There are mornings when the cold is as brittle as a burnt match, with an acrid, dry sting when it blows across your face. These don’t just feel like nothing would think of growing that particular day but that nothing has grown in the past or will grow in the future, that every green memory is a wishful delusion. Then there are mornings the thermometer claims are every bit as cold but which are heavy with the portent of spring. The light and the smell of the air tells you that the afternoon will be warmer, that the snow and frozen ruts will soon be churned into deeper ruts of mud, that the grass and trees may not yet be green but are thinking hard about when to start pushing leaves.
It was on the latter of these - an optimistic morning - that a few dozen turkeys began gleaning the corner of a cornfield. They walked, as turkeys do, with halting, deliberate steps, heads hesitating a moment before springing forward to catch up with their bodies. Now and then each would stop to unfurl its neck for a good look at the ground, swinging back and forth above the layer of frozen snow, as if it might melt and yield up the stray kernels under a forceful enough gaze. Occasionally one pecked at a piece of corn stalk where it stubbed out through the ice, and a tom fanned his tail but didn’t bother strutting.
Into this calm scene trotted a fox. He headed for the turkeys as you might approach a group of friends you just spotted across a large park, with just a touch of urgency to reach them before they could wander off. Anyone who has tried this knows that turkeys can spot a burr on a steer’s tail from a mile off, or the one clean patch on a muddy pig, or whatever faux folksy idiom you prefer. So there was no question that they’d been watching the fox his entire way, and they kept watching as he casually drifted closer. It looked like he wanted them to believe he had important business in the stand of hemlocks a little further on, that he was only passing so near to all these plump, tasty birds because they happened to be in his way.
But none of them were fooled. When, in a flash of fiery orange, he suddenly leapt for the nearest cluster of three, they were instantly airborne. The rest of the flock watched this intently, but they did not go up into the trees. The fox, no doubt feeling quite foolish, charged the next closest little cluster. But these simply darted around him, and what followed was a sort of dance, with the fox making a half-hearted attempt at one group of birds and then another, until all the turkeys were circling and weaving about him, always just out of reach.

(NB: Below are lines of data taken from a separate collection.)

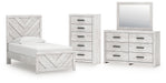 Cayboni Twin Panel Bed with Mirrored Dresser and Chest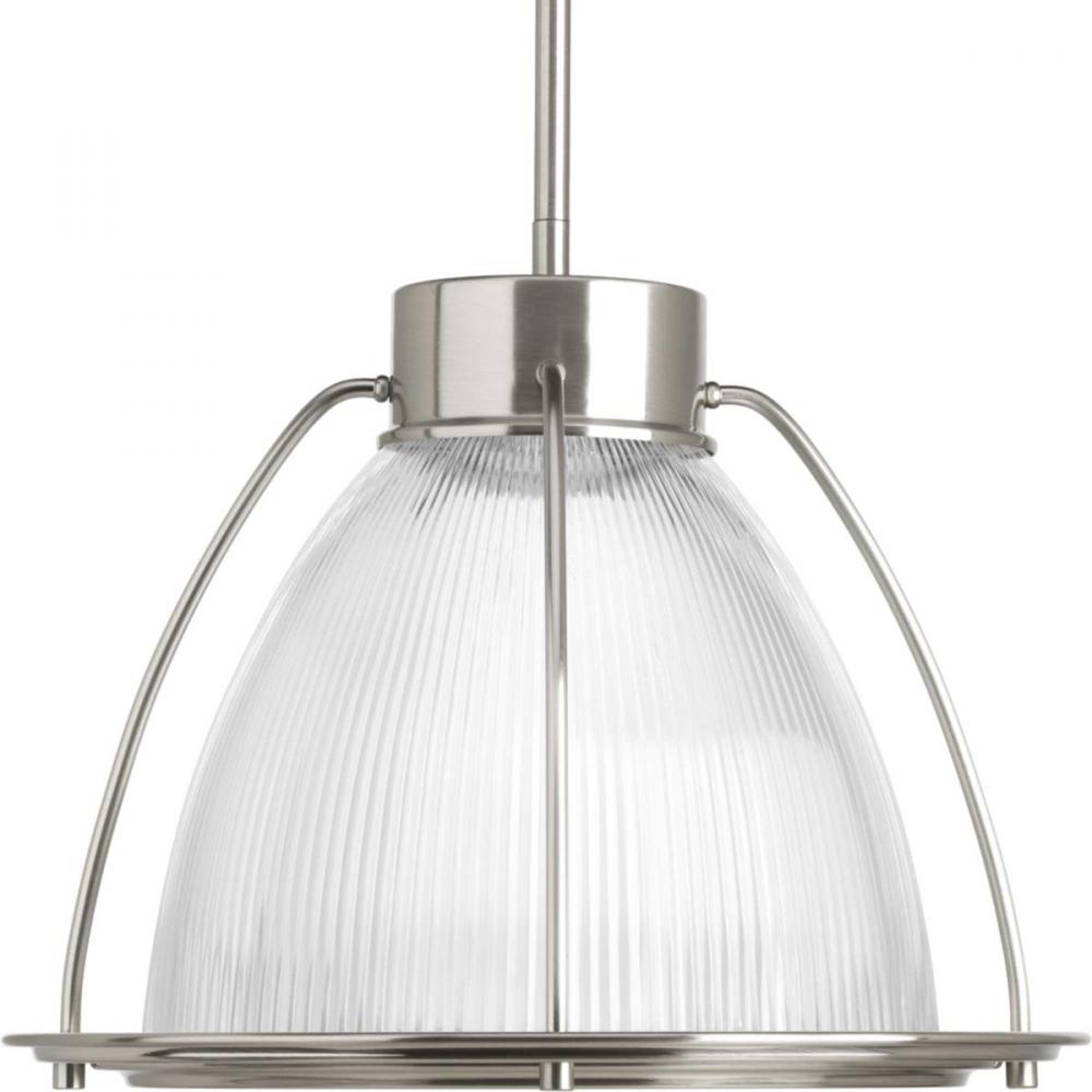 One-light pendant with a bold and striking Prismatic Glass shade as the focal point of the fixture. This pendant also features a sleek Brushed Nickel cap and stems, highlighting the industrial styling. The bottom of the fixture is enclosed with an etched glass diffuser.
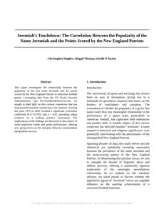 Jeremiah's Touchdown: The Correlation Between the Popularity of the Name Jeremiah and the Points Scored by the New England Patriots The Journal of Quirky Statistical Investigations Jan 2024 |
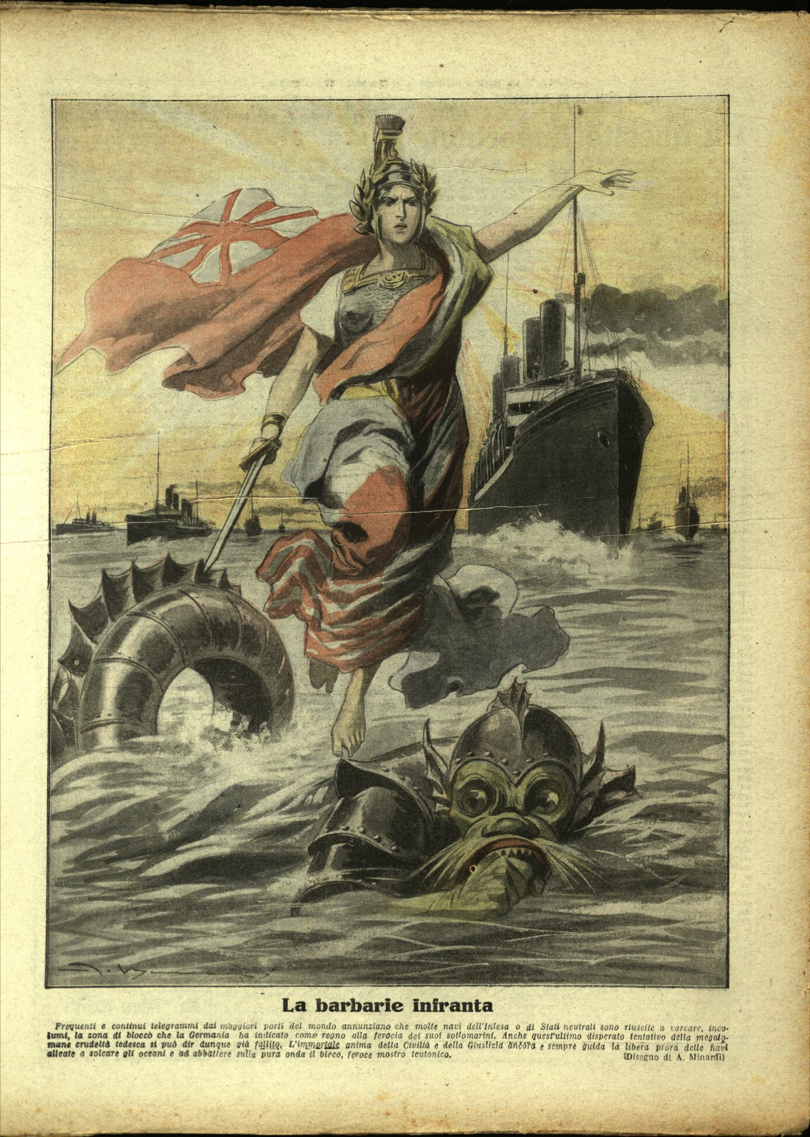 L’allegoria femminile dei paesi alleati contro la Germania durante il primo conflitto mondiale schiaccia un mostro marino, che rappresenta il comune nemico tedesco.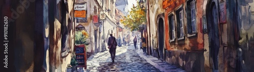 Obraz premium Charming cobblestone street with vibrant buildings and a lone figure walking,...
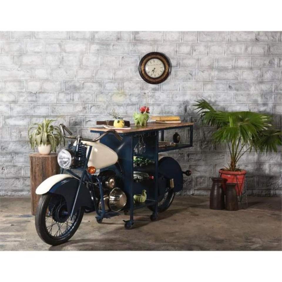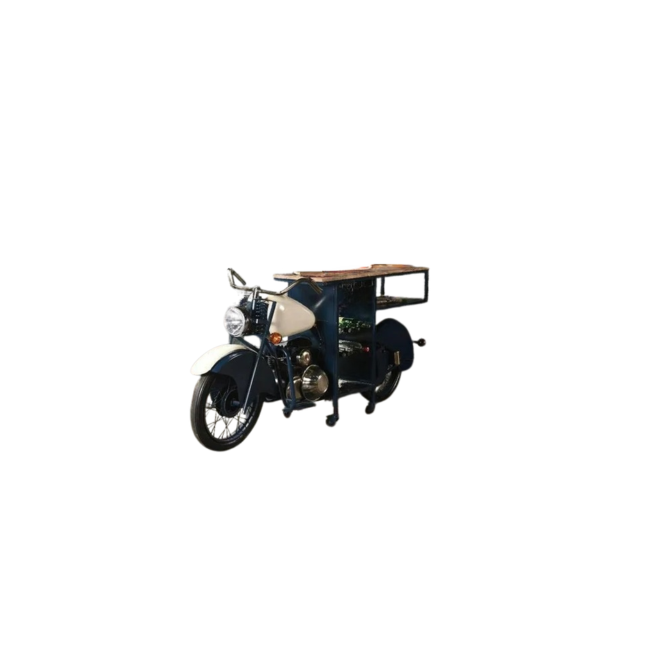 HMS Blue and White Metal and Solid Wood Rolling Bar Cart with Wine Storage Elegant Home Bar Set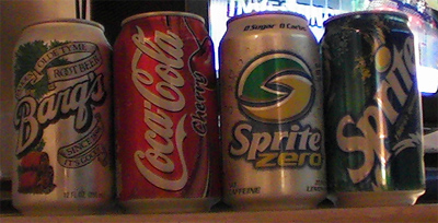 左からルートビア(ビアと言ってもアルコール飲料ではない。ググルといっぱい出てくる。)チェリーコークスプライトゼロスプライト(スプライトIceかもしれない)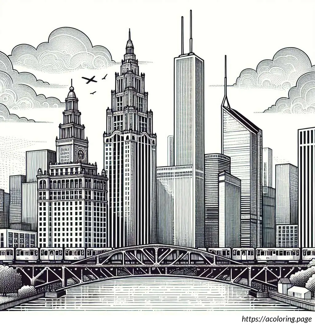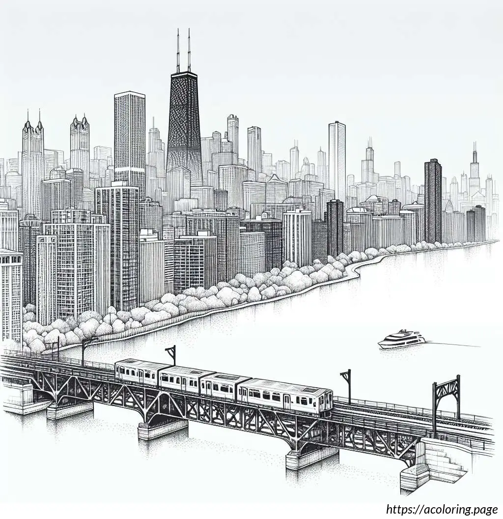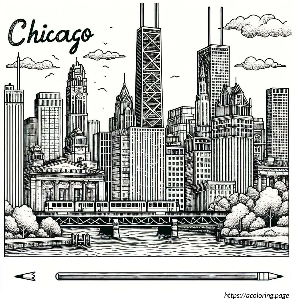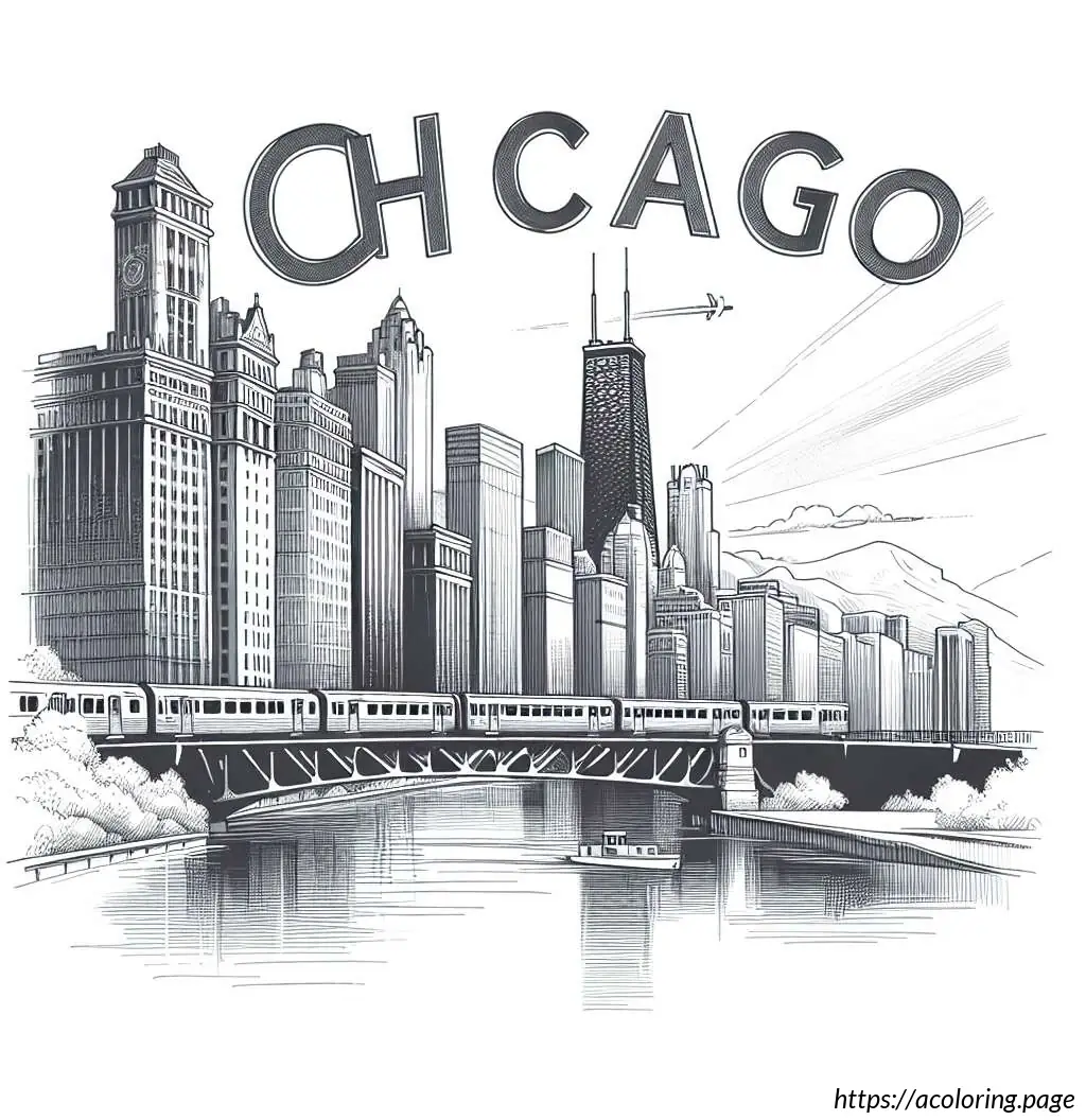 The image is a black and white line drawing, illustrated in the style suitable for coloring. It features a scenic view of Chicago”s iconic cityscape. At the top of the image, the word “CHICAGO” is prominently displayed in bold, block letters, decorated with a simple shading effect to give it a 3D appearance.The skyline includes recognizable buildings such as a tall, slender skyscraper which suggests the inspiration of the John Hancock Center, and a diamond-shaped building that resembles the top of the Crain Communications Building. Additionally, a historiated architectural structure similar to the Chicago Water Tower can be seen to the left side of the image.The foreground shows a depiction of a bridge over a body of water which resembles the bridges over the Chicago River. A train, possibly a representation of the Chicago “L” (elevated train), is captured crossing the bridge, adding a dynamic urban element to the scene.Below the buildings and the bridge, there are simplified representations of trees and clouds, adding to the city”s landscape and providing a balanced composition between the built environment and natural elements. The entire scene is lined along the bottom by a body of water which likely represents Lake Michigan or the Chicago River. Overall, the drawing captures key elements of Chicago”s famous architecture and transportation system with a playful and illustrative charm, ideal for an educational or recreational coloring activity.

Pretty soon he gave up and sat down. The turkeys stopped and looked at each other. The fox looked at them. They looked at the fox. Then, with slow, deliberate, bobbing steps, they formed a half circle around and began to encroach. It wasn’t threatening, exactly, but it also wasn’t not threatening. The fox sat nonchalantly, even though he suddenly looked small in comparison to the giant birds slowly closing in around him. Then, at the last moment, he sprang to his feet and trotted off, as if he’d just remembered an appointment in some other corner of the forest. Soon he was in the trees, but before he even reached them the turkeys were back to looking for corn and waiting for spring.
The peculiarity of this interaction arose from its uncertainty. A fox is more of a predator than a turkey, and he clearly had thoughts of eating one. Maybe in the past he’d lucked into an unwary hen. But the turkeys clearly didn’t see themselves as prey in this scenario, and they didn’t act like it. Both the pursuit and the evasion looked like half measures, like the fox was saying, “Well, if one of you wants me to eat you, I certainly will,” and the turkeys were saying, “I guess we’ll run away from him, but he’s not enough of a threat to make us leave this place where there might be corn.” And in the end that’s what they did.